15. - The method of compliance with the claim 14, characterized in that the specific binding agent for EGFR is an antibody.

16. - The method according to claim 15, characterized in that the antibody is completely human.

17. - The method of compliance with the claim 15, characterized in that the antibody is selected from cetuximab and panitumumab.
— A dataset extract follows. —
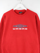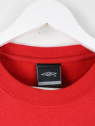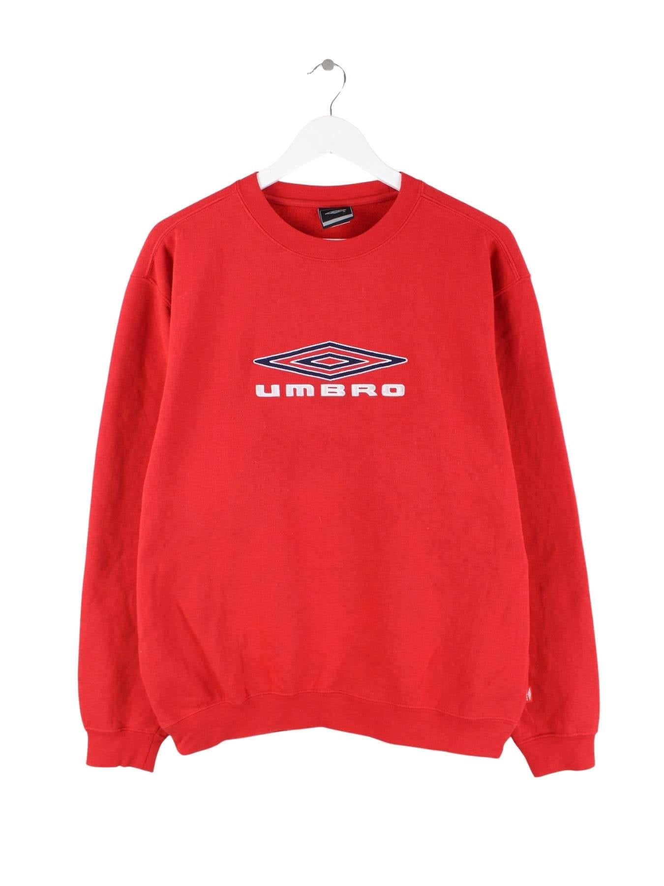 Roter Sweater mit Stickereien von Umbro in Größe L. Er ist aus einer Baumwollmischung gemacht und in sehr gutem Zustand zu haben.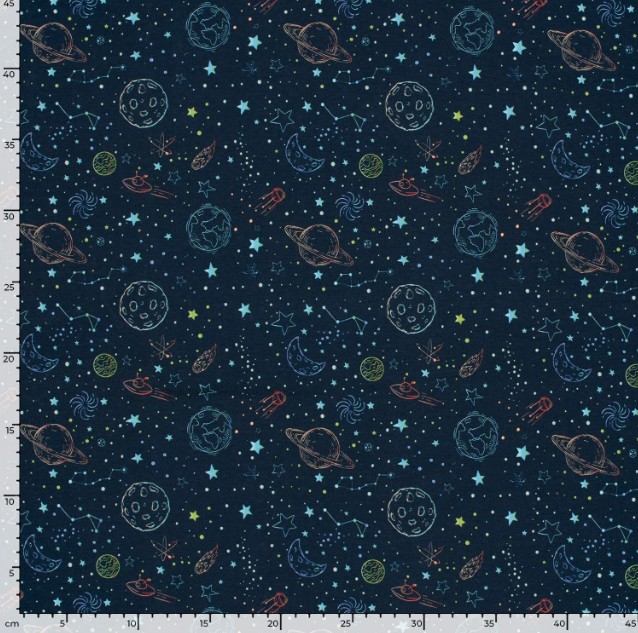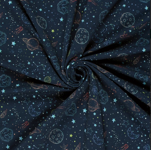 Ab ins All: Dieser French Terry in Marineblau zeigt Planeten, Sterne und Ufos. Weich, elastisch und pflegeleicht – perfekt für bequeme Hoodies, Shirts, Jogginghosen und Kinder-Outfits.

18. - The method according to claim 17, characterized in that the antibody is cetuximab.

19. - The method according to claim 17, characterized in that the antibody is panitumumab.

20. - The method according to claim 15, characterized in that the antibody is administered in a dose of about 2 mg / kg to about 3 mg / kg per week, about 5 mg / kg to about 7 mg / kg every two weeks, or approximately 8 mg / kg to approximately 10 mg / kg every three weeks.

21. - The method of compliance with the. claim 2, characterized in that at least one of at least one HGF-Met inhibitor is a specific binding agent for HGF, and at least one of at least one EGFR inhibitor is a specific binding agent for EGFR.

22. - The method of compliance with the claim 21, characterized in that the binding agent specific for HGF is an antibody for HGF, and the binding agent specific for EGFR is an antibody for EGFR.

23. - The method of compliance with the claim 22, characterized in that the antibody for HGF is 2.12.1.

24. The method according to claim 22 or 23, characterized in that the antibody is EGFR is panitumumab.

25. - The method of compliance with the claim 2, characterized in that the cancer is a solid tumor.

26. - The compliance method according to claim 2, characterized in that the cancer is selected from breast cancer, colorectal cancer, gastric carcinoma, glioblastoma, glioma cancer, head and neck cancer, hereditary and sporadic papillary renal carcinoma, leukemia, lymphoma , Li-Fraumeni syndrome, malignant pleural mesothelioma, medulloblastoma, melanoma, multiple myeloma, non-small cell lung carcinoma, osteosarcoma, ovarian cancer, pancreatic cancer, prostate cancer, small cell lung cancer, synovial sarcoma, carcinoma de thyroid, and transitional cell carcinoma of urinary bladder.

27. - The method according to claim 26, characterized in that the cancer is selected from breast cancer, colorectal cancer, gastric cancer, glioblastoma, cancer of the head and neck, lung cancer without small cell, ovarian cancer, prostate cancer, and renal cell carcinoma.

28. - The method according to claim 27, characterized in that the cancer is glioblastoma.

29. - A method for treating a resistant cancer in a patient characterized in that it comprises administering: (i) at least one HGF-Met inhibitor and at least one EGFR inhibitor; and (ii) at least one chemotherapy treatment.

30. The method according to claim 29, characterized in that at least one HGF-Met inhibitor and at least one EGFR inhibitor is administered before the administration of the chemotherapy treatment.

31. The method according to claim 29, characterized in that at least one HGF-Met inhibitor and at least one EGFR inhibitor are administered concurrently with the administration of the chemotherapy treatment.

32. - The method according to claim 29, characterized in that at least one HGF-Met inhibitor and at least one EGFR inhibitor are administered after the administration of the chemotherapy treatment.

33. - A method for treating a resistant cancer in a patient characterized in that it comprises administering: (i) at least one HGF-Met inhibitor and at least one EGFR inhibitor; and (ii) at least one radiation therapy.

34. - The method of compliance with the claim 33, characterized in that at least one HGF-Met inhibitor and at least one EGFR inhibitor are administered before the administration of radiation therapy.

35. The method according to claim 33, characterized in that at least one HGF-Met inhibitor and at least one EGFR inhibitor is administered concurrently with the administration of radiation therapy.

36. The method according to claim 33, characterized in that at least one HGF-Met inhibitor and at least one EGFR inhibitor is administered after the administration of the radiation therapy.

37. A kit comprising at least one HGF-Met inhibitor and at least one EGFR inhibitor, characterized in that at least one HGF-Met inhibitor and at least one EGFR inhibitor are in one or more containers.